I would like to try to show that, beyond this official recognition of Rousseau, this inscription of Rousseau in the history of philosophy, there exists an aspect of Rousseau, there exist words of Rousseau’s and arguments of Rousseau’s which, like Machiavelli’s – this is why the comparison does not seem to me to be entirely arbitrary – have practically remained a dead letter. To put it differently, there exist words in Rousseau, and perhaps concepts and arguments as well, which were not registered by philosophy in its history when philosophy drew up the accounts of its history or settled its accounts with its own history. The philosophy that has inscribed Rousseau in its history for one or another merit has drawn up its accounts, and its tallies are accurate – but with the figures it has registered. The drawback, or the boon, is that a few figures, a few words, a few concepts have been left out of account, have been neglected. I would like to try to sketch not an exhaustive inventory of these Rousseauesque words and concepts left out of account by the history of philosophy, but an inventory of just a handful of them.
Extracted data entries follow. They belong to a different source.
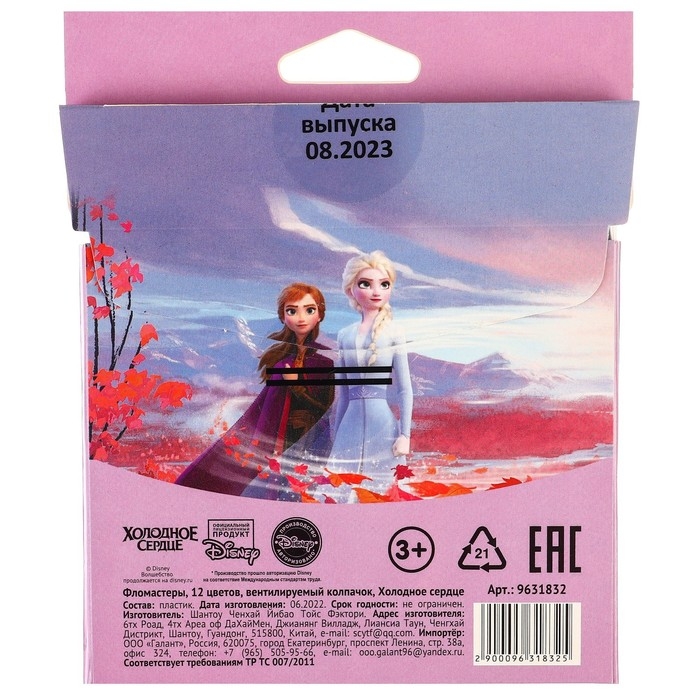 Фломастеры "Холодное сердце", 12 цветов, вентилируемый колпачок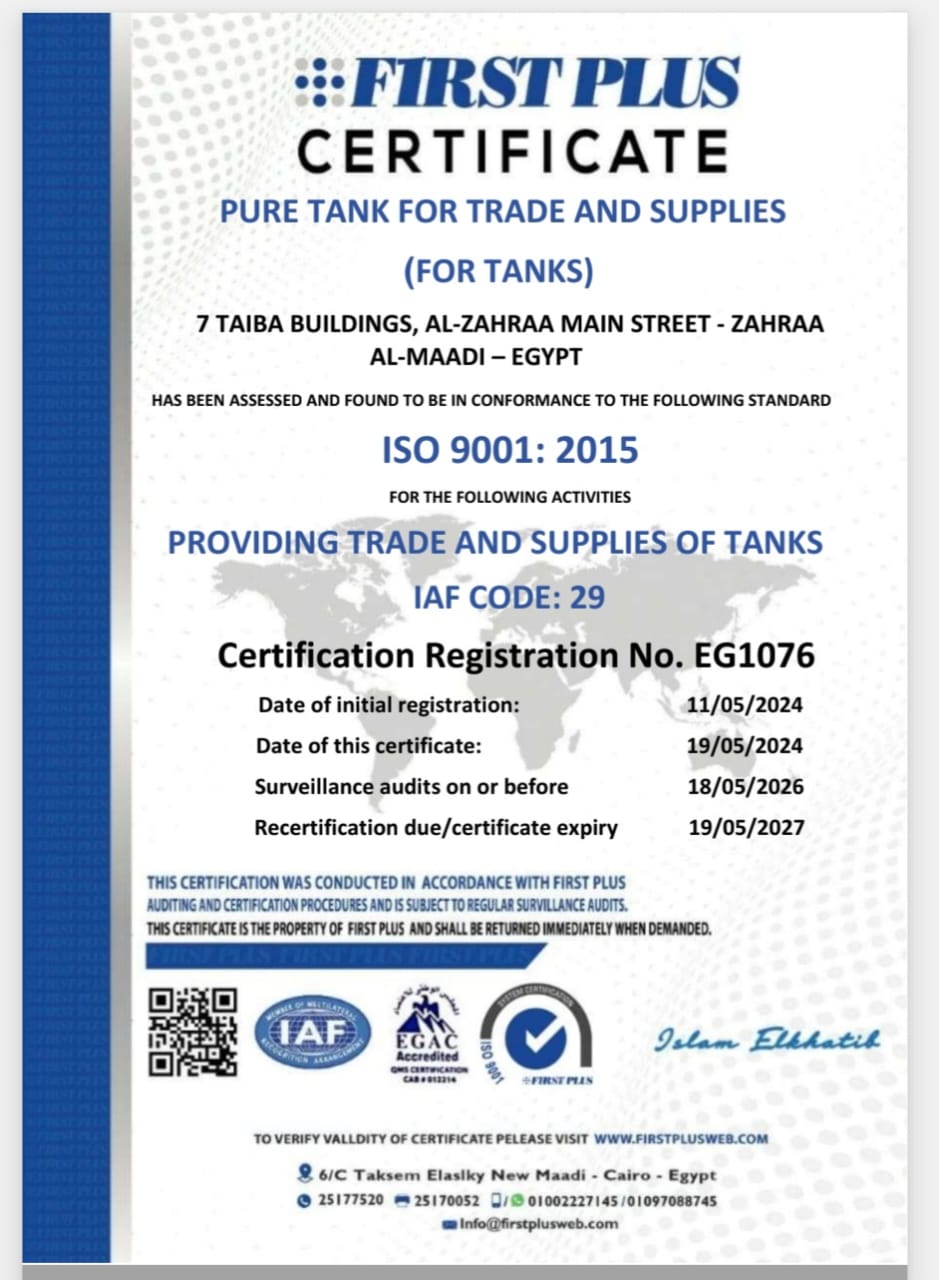 تتمتع شركة بيور تانك بخبرة طويلة في مجال صناعة الخزانات، مما يجعلها اسمًا موثوقًا ومعترفًا به في السوق.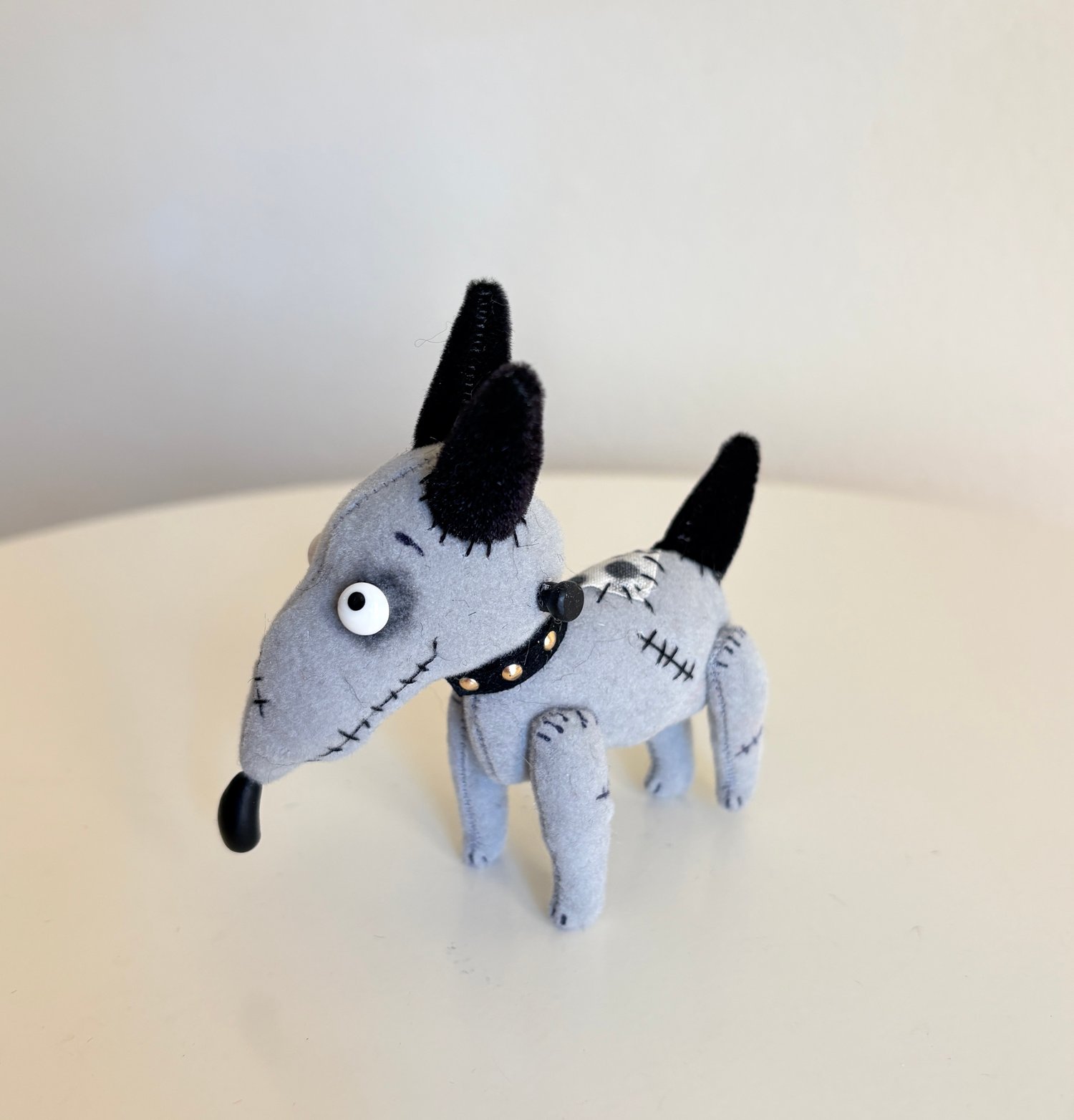 It's Sparky! The little Frankenstein pup...in grey velvet!

To this end, I shall be focusing my lectures on the second Discourse, the Discourse on the Origin of Inequality among Men. To pose the problem, I shall set out from the following aporia or contradiction. With Rousseau, we are quite obviously (since I’ve already discussed Machiavelli on the one hand and natural law philosophy on the other) in the same problematic and the same basic concepts as those of the whole natural law school, that is, the same concepts we have found in Hobbes and Locke.3 There are doubtless differences between Rousseau, Hobbes, and Locke, but there were also differences between Locke and Hobbes, between Grotius and Pufendorf, between Burlamaqui and Locke; ultimately, the difference between Rousseau and his predecessors is no greater than the differences between his predecessors themselves. If we were able to speak of a thought common to his predecessors, we have to extend it to Rousseau as well: for the basis is plainly the same.
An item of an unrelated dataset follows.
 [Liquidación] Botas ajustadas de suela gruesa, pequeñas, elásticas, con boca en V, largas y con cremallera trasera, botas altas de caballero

Let us put that more precisely. The form of thought which we see at work in Rousseau, and which commands everything, is the same form of thought as in his predecessors: it is the thought of the origin, the thought that has recourse to the origin. Rousseau very clearly says in several passages that we must go back to society’s origins to expose its foundations, that there can be no other way: this way is mandatory for everyone. He adds that this origin is man’s nature, man in the state of nature. He repeats, then, what his predecessors have said.
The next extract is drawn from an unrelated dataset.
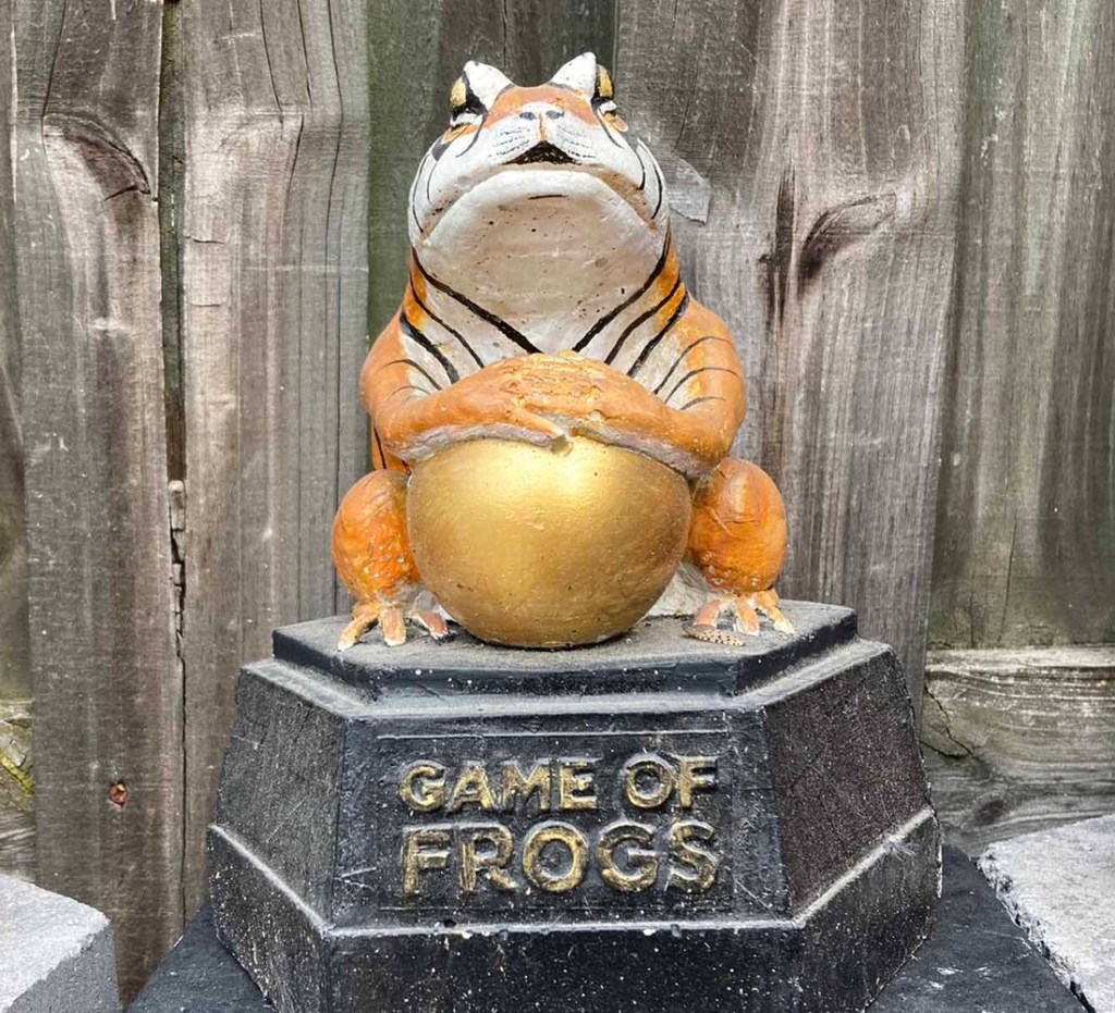 The frogs sparked a joyful response, Jeremiah recalled, with many finders pleasantly perplexed about the nature of the game, which, he notes, has no connection to the Game of Thrones. “It literally is just a game with frogs. There are no rules. Just find them and enjoy.”

Here, for example, is a passage from the second Discourse: ‘this … study of original man, of his true needs and the fundamental principle of his duties, is also the only effective means for doing away with the host of difficulties that present themselves regarding the origin of moral inequality, the true foundations of the body politic, the reciprocal rights of its members, and countless other similar matters whose importance is equalled only by their obscurity.’4 Elsewhere, Rousseau writes: ‘about [the state of nature] we should … have accurate notions in order to judge our present state properly’.5
The procedure is thus perfectly clear. It is essential to go back to the state of nature, the state of origin, in order to discover man’s nature there: only on this condition can we come to know natural right [droit], natural law [loi], the foundation of societies, civil law, political institutions, and the inequality that reigns among men in our present state. Thus the general form of philosophical discourse remains the same. And, in the general form of recourse to the origin, we see the same major categories of thought come into play in Rousseau as in all his predecessors, namely: the state of nature, the state of war, natural right, natural law, the social contract, sovereignty, civil law. This is the obligatory arsenal of this thought of the origin in the field of law.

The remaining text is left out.